L'Estrémadure possède des zones agricoles déterminées par les conditions du sol et la capacité d'irrigation. La diversité du climat et des sols permet une agriculture performante avec des cultures variant d'une région à l'autre, portées par des spécialisations productives identifiées. Les principales zones agricoles en Estrémadure sont :
- Las Vegas del Guadiana : c'est la plus grande superficie irriguée de la région, riche d'une grande variété de cultures comme les tomates, le maïs, le tournesol, le riz ou les fruits.
- Irrigation de l'Alagón et des hautes vallées : dédiée à la culture du tabac, du poivre (pour la production de paprika), des tomates ou des cerises.
- Tierra de Barros : caractérisée par une production de vin et d'olives en zone sèche.
- Les zones de pâturages : où paissent les troupeaux de moutons et de porcs ibériques.
- Les chaînes de montagnes : principalement orientées vers l'élevage et l'exploitation sylvicole.

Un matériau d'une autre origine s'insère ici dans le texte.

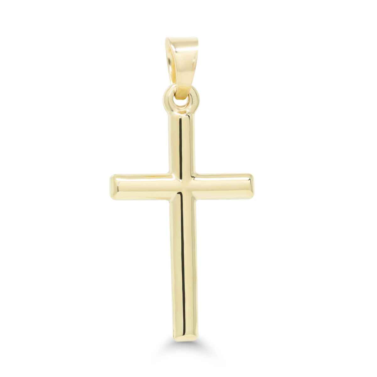 Klassinen keltakultainen ristiriipus sileällä pinnalla. Ristin leveys on 11,8 mm ja korkeus ilman riipuslenkkiä 18,5 mm ja riipuslenkin kanssa 24 mm. Valmistusmateriaali on laadukas 14 karaatin keltakulta. Riipus ei sisällä ketjua. Sopii erinomaisesti rippiristiksi!

Analyse de la production agricole
L'agriculture de l'Estrémadure bénéficie d'une diversité productive en raison des variations climatiques et des conditions du sol prévalant dans les différentes régions. La production de céréales, de fruits et de légumes représente 33,3 % de la production agricole finale de la région.

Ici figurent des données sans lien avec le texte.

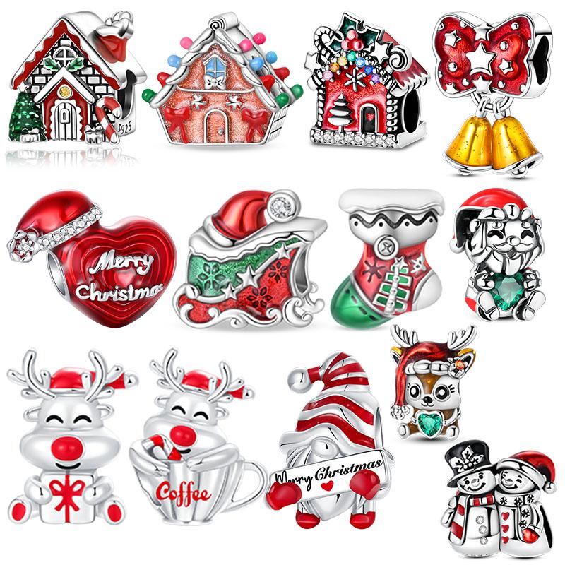 Copper Santa Claus Charms Bead Christmas House Dangle Pendant Fit Bangle Bracelet Necklace Diy Jewelry

Le secteur agricole est concentré dans la province de Badajoz, mettant en avant la trilogie méditerranéenne pluviale ainsi que les cultures irriguées de maïs, de tomate, de riz et de fruits à noyau et à pépins. Cáceres possède davantage de zones de pâturages naturels, de fourrages, de tabac et de fruits. En 2007, les céréales et les oliviers étaient les cultures les plus étendues. Il convient de souligner l'importance des surfaces au repos, ce qui indique une orientation agricole extensive.
Concernant l'évolution des grandes cultures, on note une baisse du blé dur et des légumineuses ces dernières années, ainsi que des réductions pour le maïs, le tabac et la tomate. À l'inverse, on observe une augmentation de la surface consacrée au tournesol, à l'avoine, aux céréales fourragères et au melon.
L'importance du secteur de l'irrigation horticole
L'irrigation a permis à l'Estrémadure de diversifier sa production agricole et de stabiliser son peuplement. La superficie totale irriguée dans la région est de 244 576 hectares, soit 6 % du territoire régional et 18 % des terres agricoles. L'irrigation génère 61 % de la production végétale et 31 % de la production agricole finale. Environ 85 % des surfaces irriguées sont issues de l'initiative publique.
Dans les zones irrigables, six cultures occupent 80 % de la superficie totale : le maïs, la tomate, le riz, les pâturages, le tabac et la pêche. Le secteur horticole est le plus dynamique de l'agro-industrie d'Estrémadure, avec une grande pertinence économique et sociale. L'Estrémadure représente 87,9 % de la production nationale de tabac et figure en tête pour la production de riz. Les cultures horticoles représentent 9,5 % de la Production Finale Agricole (PFA).
Dans le cas de la tomate, il s'agit d'une horticulture hautement mécanisée. Les arbres fruitiers, quant à eux, génèrent une charge de travail importante. La production a su trouver des débouchés commerciaux, et l'amélioration de la compétitivité a entraîné une hausse substantielle des exportations, qui représentent désormais 65 % de la production. C'est un secteur compétitif, exportateur et leader de l'agriculture régionale.
Le secteur des céréales
Les rendements des céréales cultivées en zone pluviale sont très variables. En revanche, les céréales irriguées garantissent la stabilité des rendements et augmentent la production de manière significative. La superficie consacrée au blé a évolué, le blé dur ayant bénéficié de subventions élevées de la PAC.
Un facteur déterminant pour la production de céréales en Estrémadure reste sa performance plus faible par rapport à d'autres régions d'Espagne et d'Europe, dépendant fortement de l'irrigation pour accroître la productivité. Les cultures énergétiques pourraient constituer une alternative aux excédents de céréales destinés à la production alimentaire.